Problem requirements – Although the data below contains pictures, output only the lines between those holding "This product uses" and "Kanapa 3-osobowa z", inclusive, exactly and without those pictures.

Data to use –
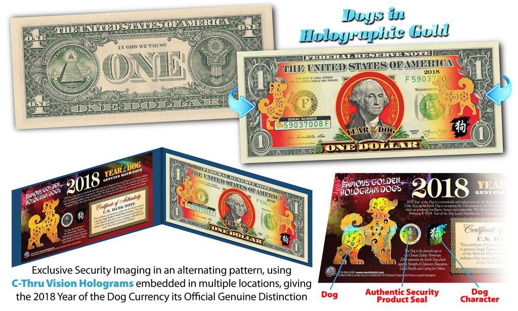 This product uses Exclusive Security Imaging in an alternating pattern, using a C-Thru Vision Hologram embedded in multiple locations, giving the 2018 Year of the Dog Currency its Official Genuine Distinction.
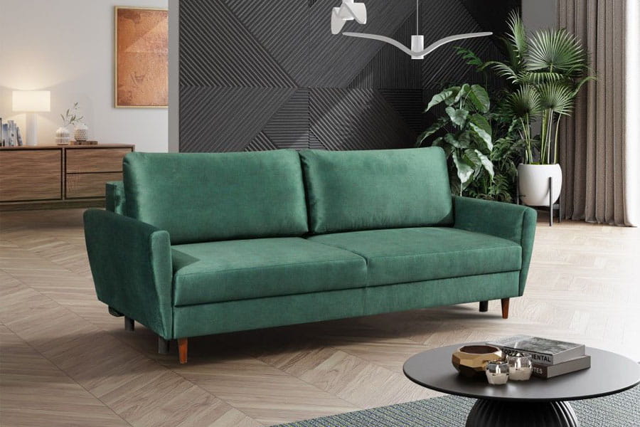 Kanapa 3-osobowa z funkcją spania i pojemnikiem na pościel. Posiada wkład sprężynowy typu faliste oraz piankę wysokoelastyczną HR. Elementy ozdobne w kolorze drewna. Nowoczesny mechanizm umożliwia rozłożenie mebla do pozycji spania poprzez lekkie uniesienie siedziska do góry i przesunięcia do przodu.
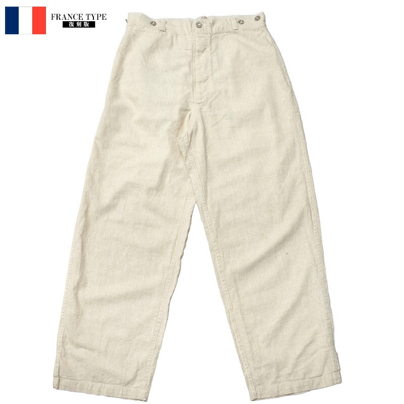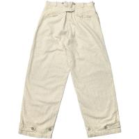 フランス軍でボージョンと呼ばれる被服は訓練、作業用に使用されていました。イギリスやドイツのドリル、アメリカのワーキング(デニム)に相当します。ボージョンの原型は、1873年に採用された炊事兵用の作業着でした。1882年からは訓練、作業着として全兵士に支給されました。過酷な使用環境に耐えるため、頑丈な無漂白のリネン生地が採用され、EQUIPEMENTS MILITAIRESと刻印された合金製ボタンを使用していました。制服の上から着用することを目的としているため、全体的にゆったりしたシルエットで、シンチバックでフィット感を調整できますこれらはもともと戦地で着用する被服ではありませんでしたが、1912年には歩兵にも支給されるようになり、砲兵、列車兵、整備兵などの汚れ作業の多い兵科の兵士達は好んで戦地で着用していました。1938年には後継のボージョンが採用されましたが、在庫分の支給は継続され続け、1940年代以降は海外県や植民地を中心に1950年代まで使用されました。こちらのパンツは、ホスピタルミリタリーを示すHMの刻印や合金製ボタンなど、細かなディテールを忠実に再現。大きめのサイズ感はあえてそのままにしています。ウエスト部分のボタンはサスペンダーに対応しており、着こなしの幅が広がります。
--
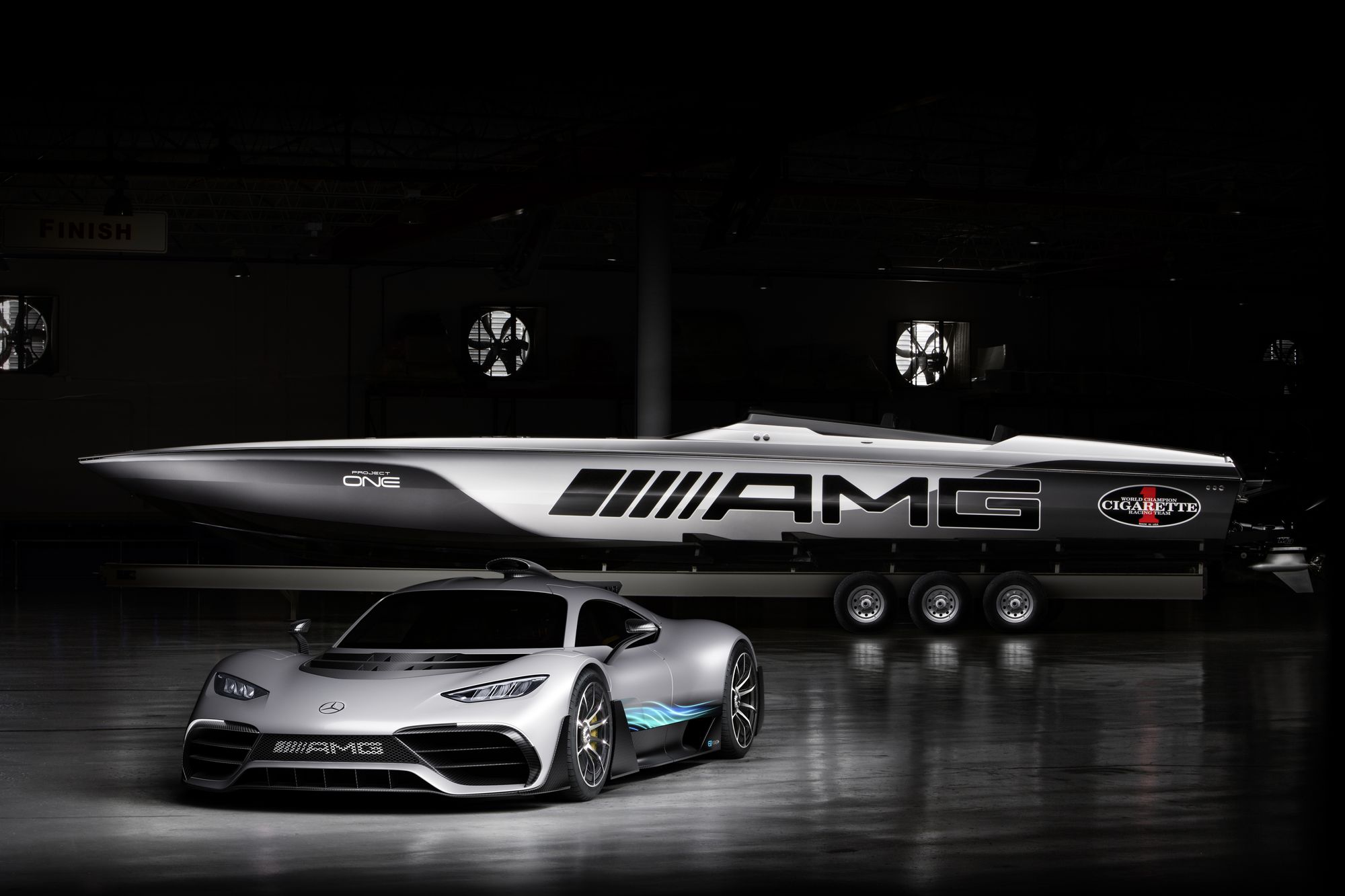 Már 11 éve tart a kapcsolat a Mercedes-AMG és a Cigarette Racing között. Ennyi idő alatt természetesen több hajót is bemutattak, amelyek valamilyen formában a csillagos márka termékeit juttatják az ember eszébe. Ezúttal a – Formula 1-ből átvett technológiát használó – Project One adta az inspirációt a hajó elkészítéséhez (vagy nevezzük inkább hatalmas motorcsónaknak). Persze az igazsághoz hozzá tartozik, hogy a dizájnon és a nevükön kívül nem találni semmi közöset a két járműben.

Response –
 This product uses Exclusive Security Imaging in an alternating pattern, using a C-Thru Vision Hologram embedded in multiple locations, giving the 2018 Year of the Dog Currency its Official Genuine Distinction.
 Kanapa 3-osobowa z funkcją spania i pojemnikiem na pościel. Posiada wkład sprężynowy typu faliste oraz piankę wysokoelastyczną HR. Elementy ozdobne w kolorze drewna. Nowoczesny mechanizm umożliwia rozłożenie mebla do pozycji spania poprzez lekkie uniesienie siedziska do góry i przesunięcia do przodu.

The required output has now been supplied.